DESCRIPTION OF THE TASK => Keep the pictures out. Copy every line of the listing exactly.

MATERIAL FOR THIS EXERCISE =>
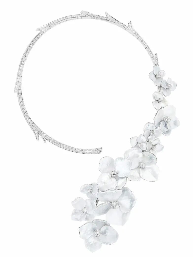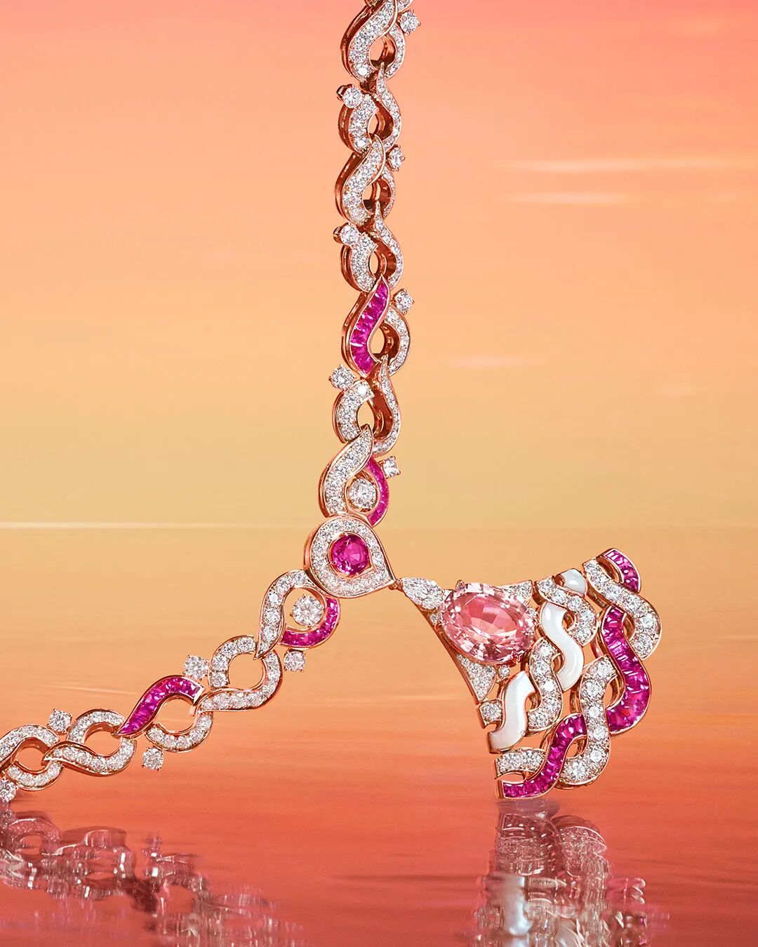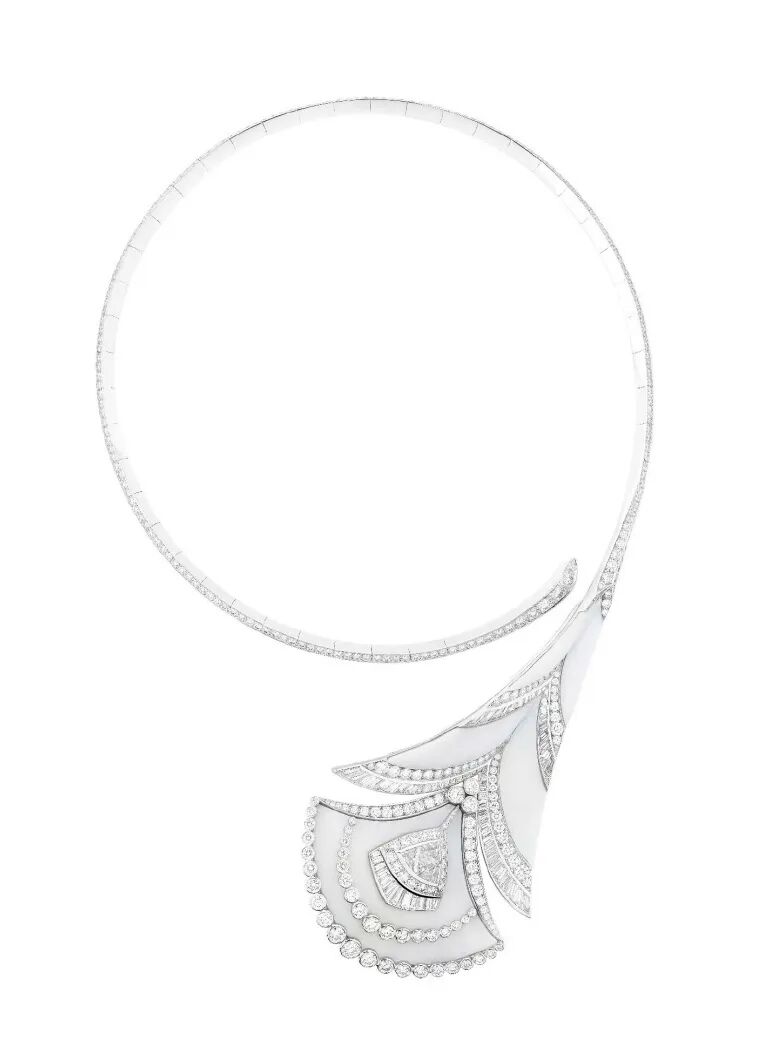 同样引人注目的一件是“Dreamweaver Diva's Dream”玫瑰金项链,运用珍珠母贝、钻石和红碧玺交织成绳索状纹理,构成轻盈镂空的经典扇形图案,让人联想到荡漾在地中海的波浪,明亮柔和的粉色光芒犹如晚霞抚弄着粼粼的波光。
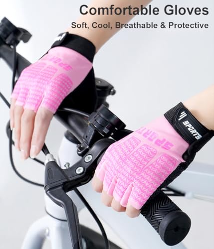 - Fingerless Bike Gloves: Made of Ice-silk fabric, which has good breathability, elasticity & hygroscopicity. Much cool & comfortable while biking in hot summer, let the fingers breath but still protect hand palms., Protect Kids Hands: With non-slip palms design, these gloves are great in protecting hands & are still grippy. Avoid hand scratch and relief from calluses. Velcro closures allow for wrist tightening, and easy to put on or take off the gloves., Kids Size Gloves: Two sizes available, small for ages 4-7, gloves palm width is about 3 inches; medium for ages 8-10, gloves palm width is about 3.2 inches., Kids Sports Gloves: Designed for bike riding, also suitable for other children's sports and activities, such as climbing, monkey bars, sailing, fishing, golfing, motorcycling, etc., Cute Gloves for Girls: Pink, Green, Orange for your choice, put on these gloves, play on the monkey bars feels lightweight and protective. Perfect gift for daughter, granddaughter, niece or other little girls who love princess.
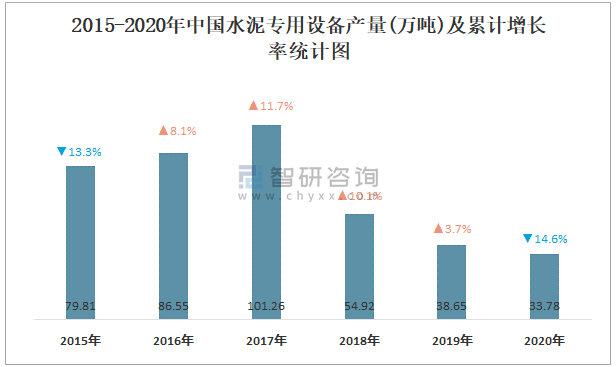 2015-2020年中國水泥專用設(shè)備產(chǎn)量及累計增長率統(tǒng)計圖
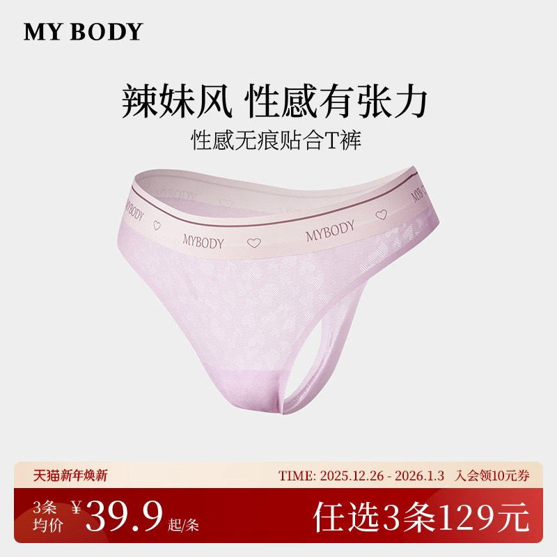 3件129|商场同款MYBODY内裤女莫代尔提花性感无痕T裤低腰丁字裤
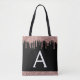 Rose Rose Or et Black Faux Sparkle et Parties scintillant de goutte Elégant Sac de Livre de Monogramme. Ce sac de livre peut être customisé pour inclure votre nom initial et prénom et donné comme cadeau pour Noël, Sweet 16 Anniversaire, Fête des mariées ou Mariage.

RESPONSE AREA =>
 同样引人注目的一件是“Dreamweaver Diva's Dream”玫瑰金项链,运用珍珠母贝、钻石和红碧玺交织成绳索状纹理,构成轻盈镂空的经典扇形图案,让人联想到荡漾在地中海的波浪,明亮柔和的粉色光芒犹如晚霞抚弄着粼粼的波光。
 - Fingerless Bike Gloves: Made of Ice-silk fabric, which has good breathability, elasticity & hygroscopicity. Much cool & comfortable while biking in hot summer, let the fingers breath but still protect hand palms., Protect Kids Hands: With non-slip palms design, these gloves are great in protecting hands & are still grippy. Avoid hand scratch and relief from calluses. Velcro closures allow for wrist tightening, and easy to put on or take off the gloves., Kids Size Gloves: Two sizes available, small for ages 4-7, gloves palm width is about 3 inches; medium for ages 8-10, gloves palm width is about 3.2 inches., Kids Sports Gloves: Designed for bike riding, also suitable for other children's sports and activities, such as climbing, monkey bars, sailing, fishing, golfing, motorcycling, etc., Cute Gloves for Girls: Pink, Green, Orange for your choice, put on these gloves, play on the monkey bars feels lightweight and protective. Perfect gift for daughter, granddaughter, niece or other little girls who love princess.
 2015-2020年中國水泥專用設(shè)備產(chǎn)量及累計增長率統(tǒng)計圖
 3件129|商场同款MYBODY内裤女莫代尔提花性感无痕T裤低腰丁字裤
 Rose Rose Or et Black Faux Sparkle et Parties scintillant de goutte Elégant Sac de Livre de Monogramme. Ce sac de livre peut être customisé pour inclure votre nom initial et prénom et donné comme cadeau pour Noël, Sweet 16 Anniversaire, Fête des mariées ou Mariage.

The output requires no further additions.